Figure 4 – Contrast test for effectiveness of drug in Example 3
Figure 4 shows the result with uncontrolled type I error and then the results using the Bonferroni and Dunn/Sidák corrections. The tests are all significant, i.e. there is a significant difference between the population means of those taking the drug from those in the control group taking the placebo.
We next test whether there is a difference in the effectiveness of the drug between men and women.
Figure 5 – Contrast test for men vs. women
Since p-value = .0547 > α in all the tests, we conclude there is no significant difference between the longevity of men versus women taking the drug.
The final test is to determine if men and women with this type of cancer have a different life expectancy (whether or not they take the drug).
Figure 6 – Contrast of life expectancy of men vs. women
The result is significant (p-value = .0421 < .05 = α) if we don’t control for type I error, but the result is not significant if we use the Bonferroni or Dunn/Sidák correction (p-value = .0421 > .0167 = α).
Worksheet Function
Real Statistics Function: The Real Statistics Resource Pack provides the following function:
DunnSidak(αexp, k) = α = 1 – (1 – αexp)1/k
Data Analysis Tool
Real Statistics Data Analysis Tool: The Real Statistics’ Single Factor Anova and Follow-up Tests data analysis tool provides support for performing contrast tests. The use of this tool is described in Example 4.
Example 4: Repeat the analysis from Example 2 using the Contrasts option of the Single Factor Anova and Follow-up Testssupplemental data analysis tool.
Enter Ctrl-m and select Single Factor Anova and Follow-up Tests from the menu. A dialog box will appear as in Figure 7.

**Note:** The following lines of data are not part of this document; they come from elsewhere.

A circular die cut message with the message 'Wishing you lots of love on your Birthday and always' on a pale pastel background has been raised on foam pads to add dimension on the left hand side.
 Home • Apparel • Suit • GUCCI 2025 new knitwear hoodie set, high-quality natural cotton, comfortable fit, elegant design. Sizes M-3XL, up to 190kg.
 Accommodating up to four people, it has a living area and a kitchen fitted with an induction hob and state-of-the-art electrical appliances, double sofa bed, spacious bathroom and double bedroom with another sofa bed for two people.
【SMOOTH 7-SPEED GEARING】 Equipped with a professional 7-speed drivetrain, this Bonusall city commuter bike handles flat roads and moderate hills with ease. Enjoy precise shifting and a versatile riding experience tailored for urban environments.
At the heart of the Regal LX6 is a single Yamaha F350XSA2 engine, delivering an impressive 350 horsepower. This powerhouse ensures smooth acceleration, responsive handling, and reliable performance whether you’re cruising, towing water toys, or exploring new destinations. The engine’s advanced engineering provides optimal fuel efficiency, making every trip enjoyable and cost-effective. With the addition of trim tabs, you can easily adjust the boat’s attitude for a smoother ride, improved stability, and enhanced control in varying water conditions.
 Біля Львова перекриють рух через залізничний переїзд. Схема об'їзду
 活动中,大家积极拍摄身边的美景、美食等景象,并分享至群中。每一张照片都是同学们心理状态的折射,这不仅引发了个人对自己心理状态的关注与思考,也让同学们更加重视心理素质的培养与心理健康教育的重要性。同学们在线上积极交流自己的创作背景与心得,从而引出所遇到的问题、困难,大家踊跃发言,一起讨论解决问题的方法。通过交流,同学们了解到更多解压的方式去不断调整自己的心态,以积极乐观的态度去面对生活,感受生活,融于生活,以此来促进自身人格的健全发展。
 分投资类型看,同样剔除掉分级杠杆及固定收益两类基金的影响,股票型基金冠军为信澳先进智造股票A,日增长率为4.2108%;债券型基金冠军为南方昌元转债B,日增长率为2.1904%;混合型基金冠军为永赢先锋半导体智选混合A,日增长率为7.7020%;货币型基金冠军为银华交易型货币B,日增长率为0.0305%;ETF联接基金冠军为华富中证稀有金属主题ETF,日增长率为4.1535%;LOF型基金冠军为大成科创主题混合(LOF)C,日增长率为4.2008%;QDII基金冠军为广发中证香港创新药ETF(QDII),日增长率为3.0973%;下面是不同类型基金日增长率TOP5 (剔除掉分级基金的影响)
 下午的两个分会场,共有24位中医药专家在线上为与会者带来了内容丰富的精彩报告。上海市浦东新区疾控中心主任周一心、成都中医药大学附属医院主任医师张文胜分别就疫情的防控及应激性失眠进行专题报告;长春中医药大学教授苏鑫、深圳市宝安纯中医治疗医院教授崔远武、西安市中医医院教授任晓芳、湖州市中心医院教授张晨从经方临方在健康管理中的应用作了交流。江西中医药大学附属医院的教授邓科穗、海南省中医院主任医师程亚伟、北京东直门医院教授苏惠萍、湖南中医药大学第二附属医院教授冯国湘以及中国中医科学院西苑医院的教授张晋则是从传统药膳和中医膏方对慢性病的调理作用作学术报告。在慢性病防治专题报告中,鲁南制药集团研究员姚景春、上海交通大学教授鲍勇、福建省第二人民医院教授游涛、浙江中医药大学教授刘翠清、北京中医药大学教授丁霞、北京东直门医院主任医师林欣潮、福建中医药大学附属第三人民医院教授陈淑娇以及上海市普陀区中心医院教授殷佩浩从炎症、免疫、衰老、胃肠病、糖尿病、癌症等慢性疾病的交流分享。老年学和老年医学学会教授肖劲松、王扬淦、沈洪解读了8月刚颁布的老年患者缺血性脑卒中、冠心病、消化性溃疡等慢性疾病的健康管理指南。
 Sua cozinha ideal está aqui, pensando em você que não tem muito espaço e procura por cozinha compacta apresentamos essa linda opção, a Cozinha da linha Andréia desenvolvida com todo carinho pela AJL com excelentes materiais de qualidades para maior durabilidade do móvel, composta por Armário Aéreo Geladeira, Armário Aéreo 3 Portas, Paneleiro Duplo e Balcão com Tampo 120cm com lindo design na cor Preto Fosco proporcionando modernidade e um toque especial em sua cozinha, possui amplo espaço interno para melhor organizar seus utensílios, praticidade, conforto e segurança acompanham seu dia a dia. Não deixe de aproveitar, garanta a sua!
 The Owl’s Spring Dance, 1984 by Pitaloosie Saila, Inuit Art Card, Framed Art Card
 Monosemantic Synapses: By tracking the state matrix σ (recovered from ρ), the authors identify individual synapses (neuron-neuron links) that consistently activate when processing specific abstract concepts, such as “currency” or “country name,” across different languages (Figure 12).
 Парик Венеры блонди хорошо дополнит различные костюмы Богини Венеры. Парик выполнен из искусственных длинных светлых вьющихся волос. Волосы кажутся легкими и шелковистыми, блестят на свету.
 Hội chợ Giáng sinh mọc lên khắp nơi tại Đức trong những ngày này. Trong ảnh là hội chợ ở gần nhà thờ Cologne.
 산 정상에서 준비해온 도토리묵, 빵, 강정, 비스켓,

Figure 7 – Dialog box for Single Factor Anova and Follow-up Tests
Enter the sample range in Input Range, click on Column headings included with data, and check the Contrasts option. Select the type of alpha correction that you want, namely no experiment-wise correction, the Bonferroni correction, or the Dunn/Sidák correction (as explained in Experiment-wise Error Rate). In any case, you set the alpha value to be the experiment-wise value (defaulting as usual to .05).
Output
Note too that the contrast output that results from the tool will not contain any contrasts. You need to fill in the desired contrasts directly in the output (e.g. for Example 4 you need to fill in the range O32:O35 in Figure 7 with the contrasts you desire).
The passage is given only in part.